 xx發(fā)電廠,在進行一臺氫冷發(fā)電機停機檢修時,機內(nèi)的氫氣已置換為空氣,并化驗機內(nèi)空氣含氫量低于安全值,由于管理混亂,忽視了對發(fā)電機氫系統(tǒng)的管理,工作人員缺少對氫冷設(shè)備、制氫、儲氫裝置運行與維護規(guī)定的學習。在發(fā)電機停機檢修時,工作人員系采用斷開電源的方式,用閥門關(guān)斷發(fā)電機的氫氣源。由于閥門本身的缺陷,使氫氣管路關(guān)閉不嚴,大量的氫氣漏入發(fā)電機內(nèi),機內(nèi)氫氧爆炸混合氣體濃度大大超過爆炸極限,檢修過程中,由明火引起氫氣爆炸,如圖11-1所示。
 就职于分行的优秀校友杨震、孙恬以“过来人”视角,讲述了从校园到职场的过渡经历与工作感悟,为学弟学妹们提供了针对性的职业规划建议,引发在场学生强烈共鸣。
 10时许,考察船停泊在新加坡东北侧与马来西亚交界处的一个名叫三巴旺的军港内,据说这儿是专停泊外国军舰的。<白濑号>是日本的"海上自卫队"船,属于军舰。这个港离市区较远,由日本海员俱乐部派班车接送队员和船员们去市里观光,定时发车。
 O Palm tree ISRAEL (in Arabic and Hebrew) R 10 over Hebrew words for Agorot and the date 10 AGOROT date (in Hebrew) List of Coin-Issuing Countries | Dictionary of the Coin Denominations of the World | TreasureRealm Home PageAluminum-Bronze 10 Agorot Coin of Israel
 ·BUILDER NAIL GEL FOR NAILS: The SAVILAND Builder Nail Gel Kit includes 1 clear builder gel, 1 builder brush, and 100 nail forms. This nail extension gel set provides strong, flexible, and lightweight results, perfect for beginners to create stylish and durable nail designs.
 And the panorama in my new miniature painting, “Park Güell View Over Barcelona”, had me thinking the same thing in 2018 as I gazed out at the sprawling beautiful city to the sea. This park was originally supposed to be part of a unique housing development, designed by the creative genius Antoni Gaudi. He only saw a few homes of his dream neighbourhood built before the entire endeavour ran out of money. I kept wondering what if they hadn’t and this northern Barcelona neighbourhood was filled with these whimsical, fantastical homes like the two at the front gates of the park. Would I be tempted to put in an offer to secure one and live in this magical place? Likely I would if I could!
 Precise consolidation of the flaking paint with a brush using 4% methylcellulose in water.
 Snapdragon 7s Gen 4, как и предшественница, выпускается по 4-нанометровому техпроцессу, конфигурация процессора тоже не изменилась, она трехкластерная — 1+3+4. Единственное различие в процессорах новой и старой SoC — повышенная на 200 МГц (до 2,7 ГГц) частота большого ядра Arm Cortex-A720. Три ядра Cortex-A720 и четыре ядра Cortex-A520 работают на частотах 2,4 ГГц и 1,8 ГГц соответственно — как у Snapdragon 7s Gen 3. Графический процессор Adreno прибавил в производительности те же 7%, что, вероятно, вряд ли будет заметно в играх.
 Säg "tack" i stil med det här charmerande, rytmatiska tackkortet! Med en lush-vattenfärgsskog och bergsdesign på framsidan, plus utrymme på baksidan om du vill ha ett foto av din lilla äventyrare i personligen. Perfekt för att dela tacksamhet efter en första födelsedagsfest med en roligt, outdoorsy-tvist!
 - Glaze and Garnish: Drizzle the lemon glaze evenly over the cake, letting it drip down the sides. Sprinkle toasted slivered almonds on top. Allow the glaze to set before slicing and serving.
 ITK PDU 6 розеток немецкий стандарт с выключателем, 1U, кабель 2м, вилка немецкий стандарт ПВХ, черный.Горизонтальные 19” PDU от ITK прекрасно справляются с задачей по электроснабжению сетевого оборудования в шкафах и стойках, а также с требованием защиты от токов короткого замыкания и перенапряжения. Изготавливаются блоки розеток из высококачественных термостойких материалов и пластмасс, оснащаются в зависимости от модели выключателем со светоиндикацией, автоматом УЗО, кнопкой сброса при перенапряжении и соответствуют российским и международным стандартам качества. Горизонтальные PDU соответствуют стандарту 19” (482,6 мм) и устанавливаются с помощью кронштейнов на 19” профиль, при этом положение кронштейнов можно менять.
● ● ● ●
Where does the word "brush" occur in the data? Copy every line that has it.

> **ANSWER BELOW**:
 ·BUILDER NAIL GEL FOR NAILS: The SAVILAND Builder Nail Gel Kit includes 1 clear builder gel, 1 builder brush, and 100 nail forms. This nail extension gel set provides strong, flexible, and lightweight results, perfect for beginners to create stylish and durable nail designs.
 Precise consolidation of the flaking paint with a brush using 4% methylcellulose in water.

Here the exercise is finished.